# [Provided material]
#####

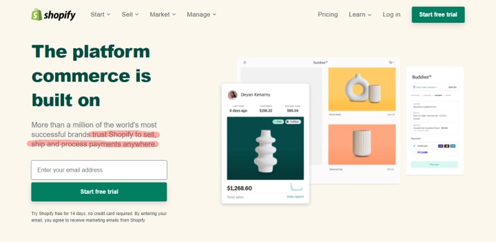 Similarly, Shopify offers a comprehensive and flexible ecommerce platform for all aspiring entrepreneurs and small business owners. The first thing you’ll notice on Shopify’s page is their value proposition - sell, ship, and process payments anywhere.
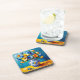 Beautiful coaster with a beautiful impasto style ai illustration of blue and orange flowers in a fancy vase.
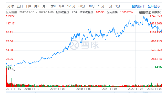 經(jīng)過幾個(gè)時(shí)期的不斷努力,珀萊雅的規(guī)模逐漸做大。2017年11月,珀萊雅以15.34元/股發(fā)行價(jià)登陸上交所,成為“國產(chǎn)美妝第一股”;上市后其股價(jià)一路攀升,于2022年5月突破百元大關(guān);截至2023年11月6日收盤,珀萊雅股價(jià)106.02元/股,總市值超400億元。
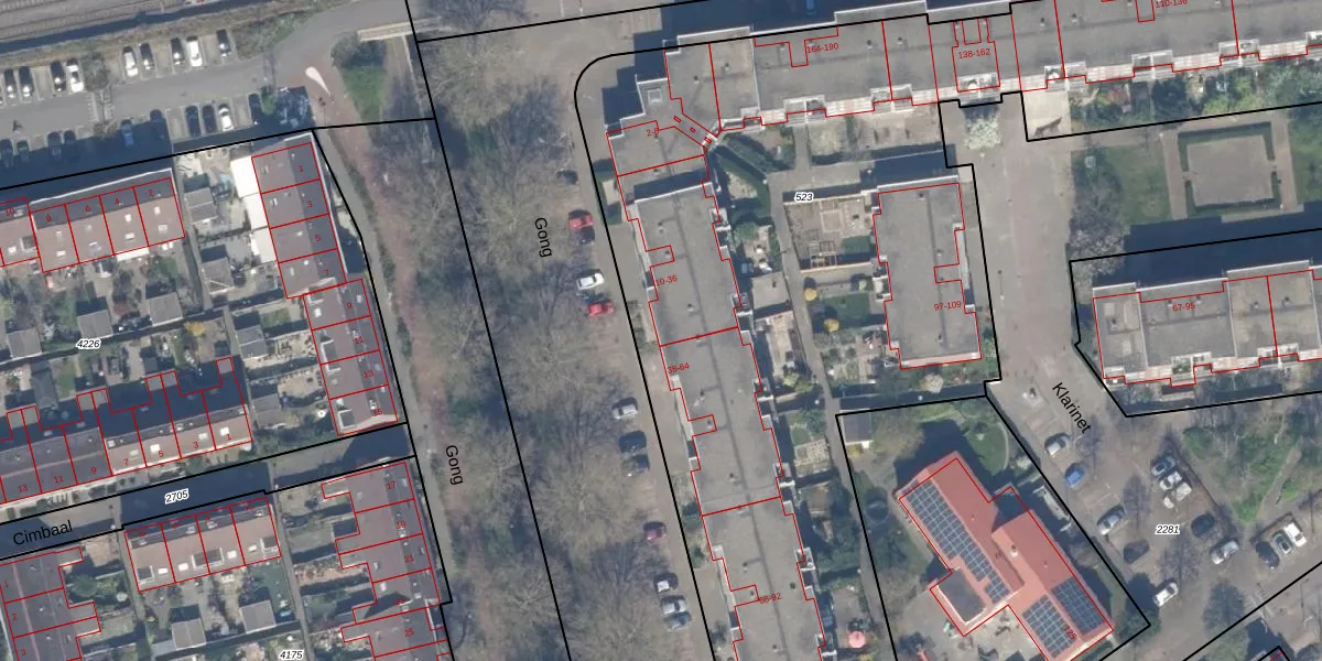 Gong 36 is gelegen op kadastraal perceel RTD13BA523. Deze kadastrale aanduiding is uniek en wordt gebruikt door het Kadaster om eigendomsrechten en andere zakelijke rechten vast te leggen. Het perceel maakt onderdeel uit van de kadastrale gemeente Rotterdam.

#####

# [Problem]
An exact copy of the listing above is to be set down, with no pictures in it.

# [Response area]
 Similarly, Shopify offers a comprehensive and flexible ecommerce platform for all aspiring entrepreneurs and small business owners. The first thing you’ll notice on Shopify’s page is their value proposition - sell, ship, and process payments anywhere.
 Beautiful coaster with a beautiful impasto style ai illustration of blue and orange flowers in a fancy vase.
 經(jīng)過幾個(gè)時(shí)期的不斷努力,珀萊雅的規(guī)模逐漸做大。2017年11月,珀萊雅以15.34元/股發(fā)行價(jià)登陸上交所,成為“國產(chǎn)美妝第一股”;上市后其股價(jià)一路攀升,于2022年5月突破百元大關(guān);截至2023年11月6日收盤,珀萊雅股價(jià)106.02元/股,總市值超400億元。
 Gong 36 is gelegen op kadastraal perceel RTD13BA523. Deze kadastrale aanduiding is uniek en wordt gebruikt door het Kadaster om eigendomsrechten en andere zakelijke rechten vast te leggen. Het perceel maakt onderdeel uit van de kadastrale gemeente Rotterdam.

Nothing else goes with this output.